The books were taken off shelves, and school curricula were changed, last year in response to three presidential executive orders rejecting “gender ideology or discriminatory equity ideology topics” in agencies and instructional settings.

In the March 20 memorandum order, Judge Patricia Tolliver Giles wrote: “A pedagogical priority or other motivation set directly by the President of the United States, in accordance with his political views and no further pedagogical inquiry from the educational system, is exactly the type of content deemed impermissible under the First Amendment.”

In April 2025, 12 students of military families brought First Amendment claims against five DoDEA schools, DoDEA director Beth Schiavano-Narvaez, and Secretary of Defense Pete Hegseth. Defendants filed a motion to dismiss in June 2025, while on October 20, 2025, the district court ordered DoDEA to restore the material, granting injunctive relief.

Giles’s eight-page memorandum order refers the parties to the preliminary injunction. “The Court reiterates,” Giles wrote, that “it cannot contemplate the pedagogical basis for banning” information on sex and gender in a high school AP Psychology course, lessons on immigration in an elementary classroom, chapters on reproduction and puberty in health textbooks, or “identity month” celebrations.

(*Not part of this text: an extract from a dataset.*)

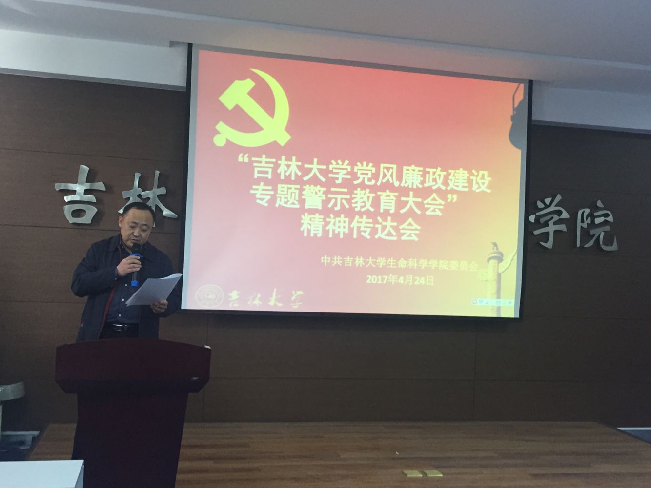 按照公司党委要求,2017年4月24日下午2:00,365英国上市集团在生命科学楼107室召开教职工大会,传达公司党风廉政建设专题警示教育大会精神。会议由公司党委书记李佰志主持。
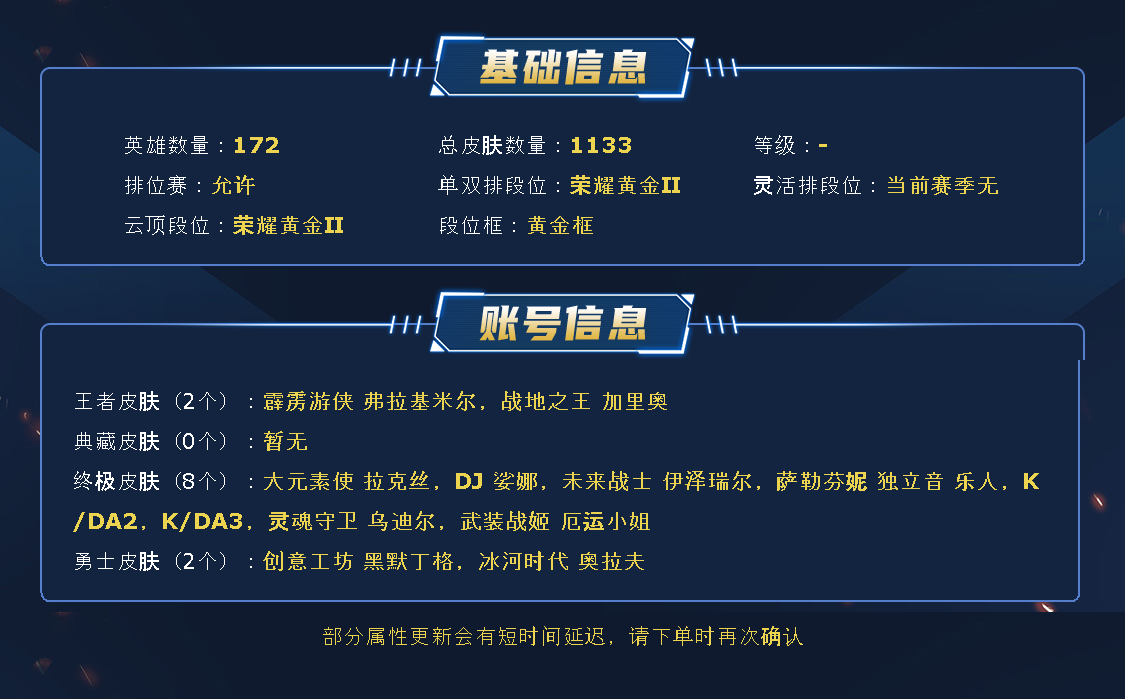 - 云顶段位: 荣耀黄金Ⅱ

The order also notes, “this Court has already rejected Defendants’ position that (1) the right to receive information does not extend to a library’s decision to remove books and that (2) book removals constitute government speech.”

Although a ruling is still pending, the court found that “Plaintiffs’ allegations support a plausible claim that Defendants’ stated motivations for removing hundreds of library books set forth an impermissible partisan or political motivation” and that “plaintiffs have stated a plausible claim for a First Amendment violation with respect to the book removals as well.”

Meanwhile, according to sworn declarations from parents of DoDEA students, books appear to have been restored at Aviano (Italy) Middle-High School, in compliance with the preliminary injunction. But when a student asked to borrow three books at the DoDEA’s Fort Campbell (Ky.) Middle School, which is not among the five named in the complaint, the books were not made available. Fort Campbell's middle school librarian allegedly informed the parent that materials were under review and “all resources found to be in compliance with Executive Orders will be returned to circulation.”

The parent told the court, “I believe that, absent the requested injunction, Fort Campbell Middle School will adhere to the DoDEA implementation guidance” related to the EOs rather than the court's opinion.